- Invasion of Hvaler: Part of the Swedish–Norwegian War of 1814
| Date | 29 July 1814 |
| Location | Hvaler, Norway59°3′23″N 11°1′20″E﻿ / ﻿59.05639°N 11.02222°E |
| Result | Swedish victory |
| Territorial changes | Swedish forces occupy Hvaler |

Belligerents
- Norway: Sweden

Commanders and leaders
- Unknown: Unknown

= Invasion of Hvaler =

Capture of the Hvaler islands by Swedish forces in 1814

The invasion of Hvaler (Invasionen av Hvaleröarna) was a Swedish military invasion during the Swedish-Norwegian War of 1814.

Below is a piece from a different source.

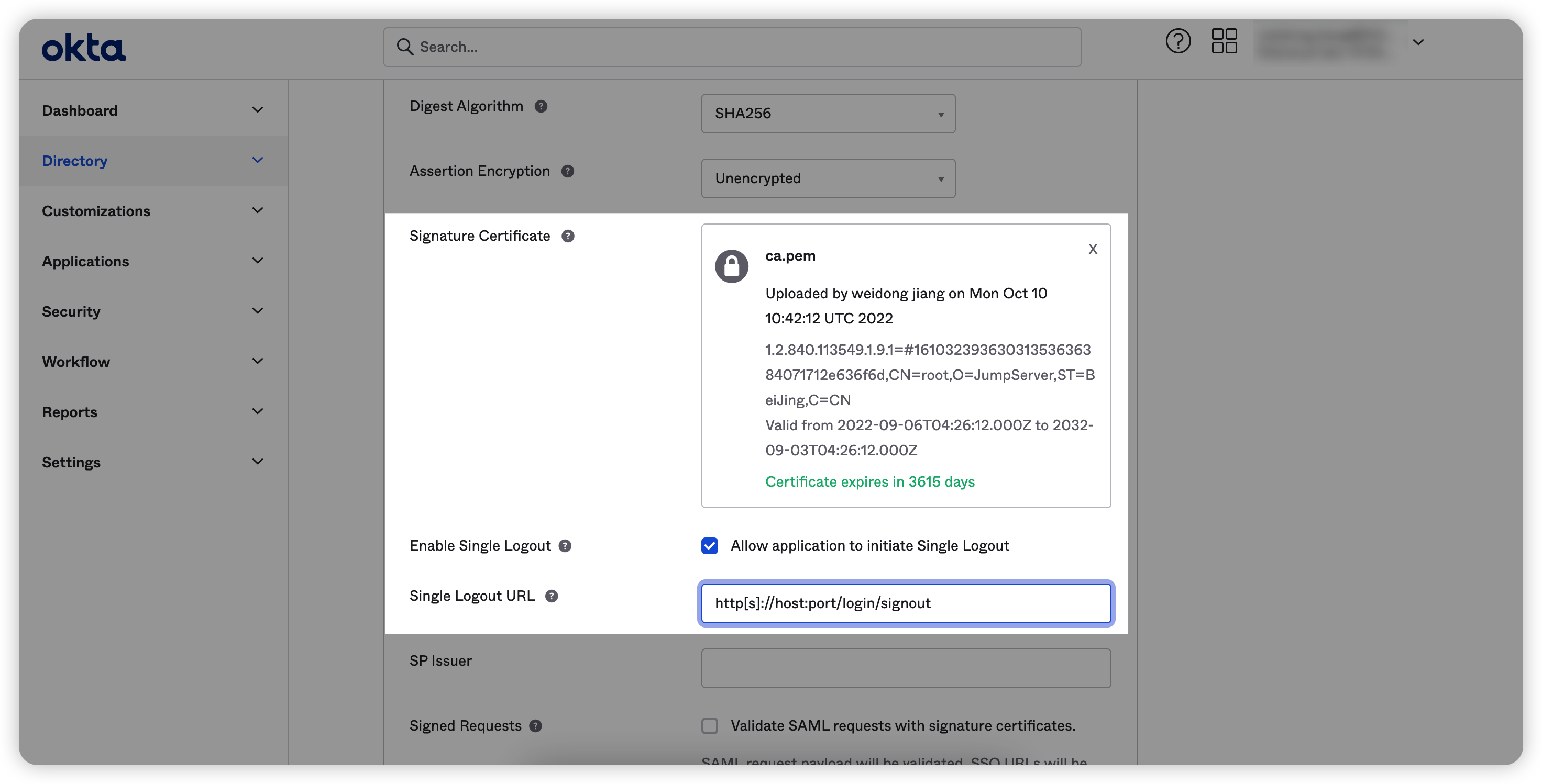 $ openssl req -new -x509 -days 3650 -key server.key -out server.crt -subj "/C=CN/ST=mykey/L=mykey/O=mykey/OU=mykey/CN=domain1/CN=domain2/CN=domain3" # 这个是证书填写Single Logout URL(即Okta注销地址),一般为:http[s]://host:port/login/signout;

The invasion was directed at the Norwegian archipelago of Hvaler in the southwestern part of Østfold, Norway. The invasion went off rather peacefully. The hostilities opened on 26 July with a swift Swedish naval attack against the Norwegian gunboats at Hvaler. Bad weather had delayed the Swedish archipelago fleet and troop transports, which gave the Norwegian fleet and army time to evacuate the island. The Norwegian vessels managed to escape northward to Tønsberg on the western side of the Oslofjord despite all Swedish attempts to halt the retreat. The vessels in the Swedish archipelago fleet were heavier than their Norwegian counterparts and could not catch up with the retiring Norwegian naval fleet.